По центральным каналам сейчас такое говорят! Я уже не могу слышать, когда говорят “побАловал” или когда говорят “одеть на себя шляпу”. Я просто зверею. Сколько ни бью студентов, а они никак не могут запомнить, что можно кого-то одеть и что-то надеть.
– Вы преподаете?
– Я курирую киношколу, есть такие двухгодичные подготовительные курсы, после которых идут в театральную академию.
– Как студенты сегодня – зачем они в киношколу идут?
– Слава влечет. Потом они слышали, что в кино хорошо платят. Почему-то считается, что актерская профессия это – раз плюнуть. Чаще всего так думают, люди с типажными данными, но они не профессионалы.
– Кого приходит больше: талантливых или типажных?

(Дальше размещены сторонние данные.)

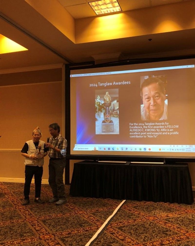 I didn’t know that we were to do that. Brod Bim Dolorico ’62, an awardee, had his prepared in a sheet of type-written notes. Another awardee, Angie Fandialan ’60, gave me an advance warning as Bim was making his spiel. Thank God I had a good full night of sleep. Of course, it was an extemporaneous delivery, my mind racing to find some relevant anecdote or observation about my art. I can only give you a gist, as you can imagine. I referred to the latest Taylor Swift album, called Tortured Poet Department, and commented the redundancy of her title. I said, “All poets are tortured, that’s just the way it is. For a long time, I see my poems as an elderly relative one stashes away in the attic, afraid for him to come down and embarrass me totally.” But finally in my crucible, I finally let that elderly relative down and my collection of poetry was birthed.

– Больше типажных. Тех, кто заблуждается. Они еще не понимают, что актер не только человек, который может в кого-то перевоплотиться. Он и наблюдатель, и автор, и философ, и проповедник. Мне очень нравится, как сказал итальянский трагик Томазо Сальвинии: “Я должен был играть Ромео, когда мне было восемнадцать, а играл его сорокалетним. Только теперь, когда мне семьдесят, я знаю, как надо играть Ромео”.
– Вы в театре служите или работаете?
– И работаю, и служу.
– В прежние времена говорили: служу.
– В службе есть какой-то стереотипный смысл. У меня служба связана с армией. Я же был командиром корабля и знаю, что такое военная служба, но дело не в этом. Наша актерская профессия – это адское дело.

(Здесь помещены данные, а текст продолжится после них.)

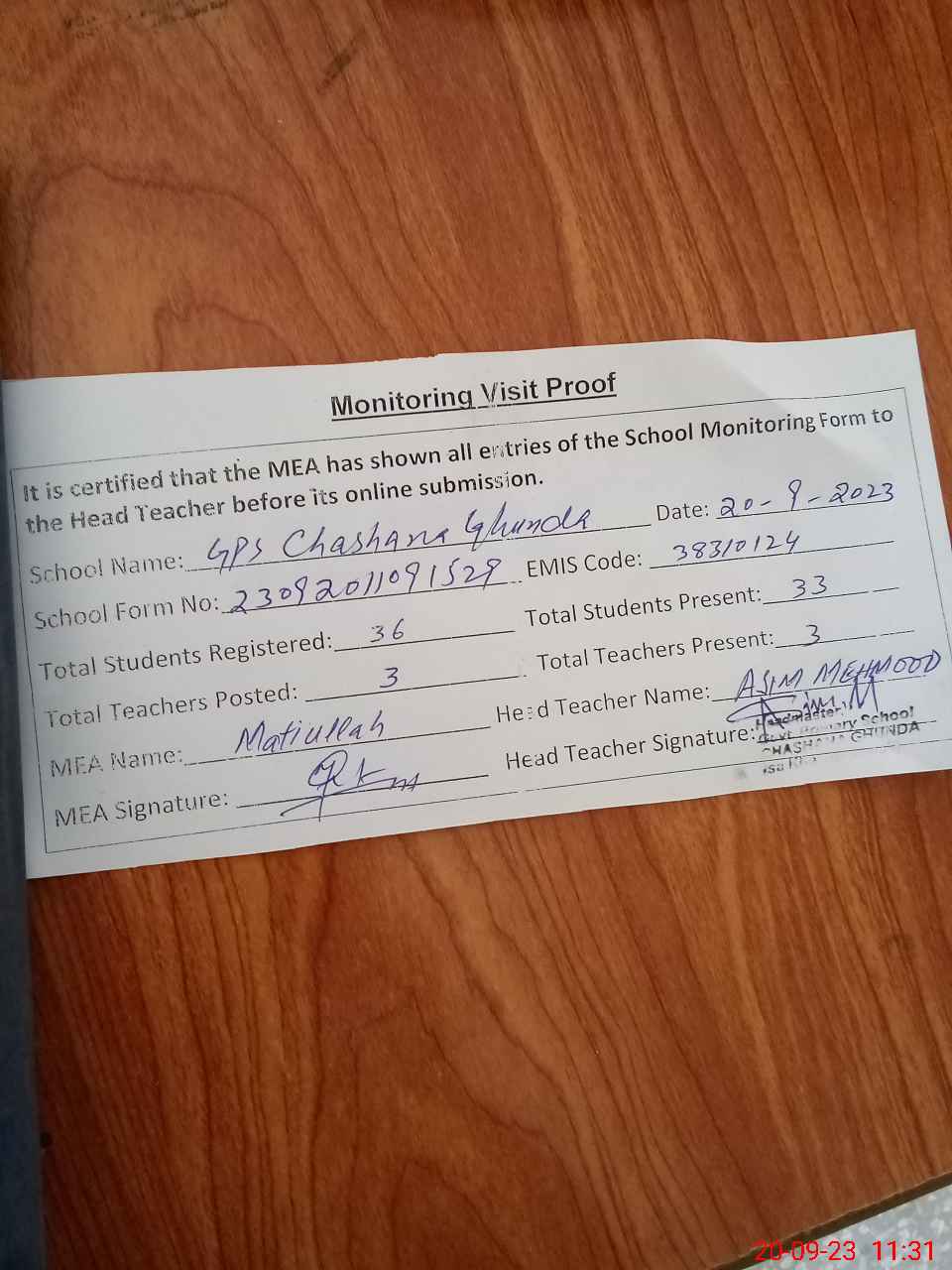 | Attendance Register | Head Teacher | MEA with School | Visit Proof |

– Что же в ней такого адского?
– Это же ежедневное самоедство. Вот репетирую Городничего…
– Совсем вроде не ваша роль.
– А почему не может быть Городничего такого, как я? И вообще, Нургалиев очень маленького роста…
– Сейчас модно быть небольшого роста.
– Вот, знаете, как-то раз на этой площадке перед входом в кафе Дома актера мы с двумя молодыми коллегами закончили “малый круг”.
– Что такое “малый круг”?
– Злачные точки. Это – кафе Дома кино, Дома журналиста и Дома актера. Сюда мы пришли чуть разгоряченные. Перед входом в зал стоят два молодых, аккуратно одетых, невысокого роста человека. Я хочу пройти в зал, а один из них мне говорит: “Иван Иванович, вам туда не надо”. Я на него недоуменно посмотрел, как это мне, актеру, и нельзя ходить в Дом актера? “Там творческий вечер Александра Белинского. Вам туда не надо”. – “Это что, какой-то секретный вечер?” – ничего не понимаю я. “Там мэр Анатолий Александрович”. – “Я с ним знаком”. – “Иван Иванович, вам не надо туда”, – настойчиво говорит мне человек, видимо, имея в виду заметный азарт в моих глазах.
Я обиделся. И ушел. Прошло время, и вдруг по телевизору вижу того самого человека, который меня не пускал, а мне говорят, что это Владимир Владимирович Путин. Интересно было бы с ним встретиться, напомнить про эту встречу.
– Сохранилась ли сегодня русская театральная школа, или на нее все-таки повлиял пришедший в Россию капитализм?
– Развал, конечно, влияет, но истребить русскую актерскую школу невозможно. Вот есть у нас театральная академия, там преподает Вениамин Фельштинский. Я назову только двух его учеников – Пореченков, Хабенский. Это все актеры от Бога.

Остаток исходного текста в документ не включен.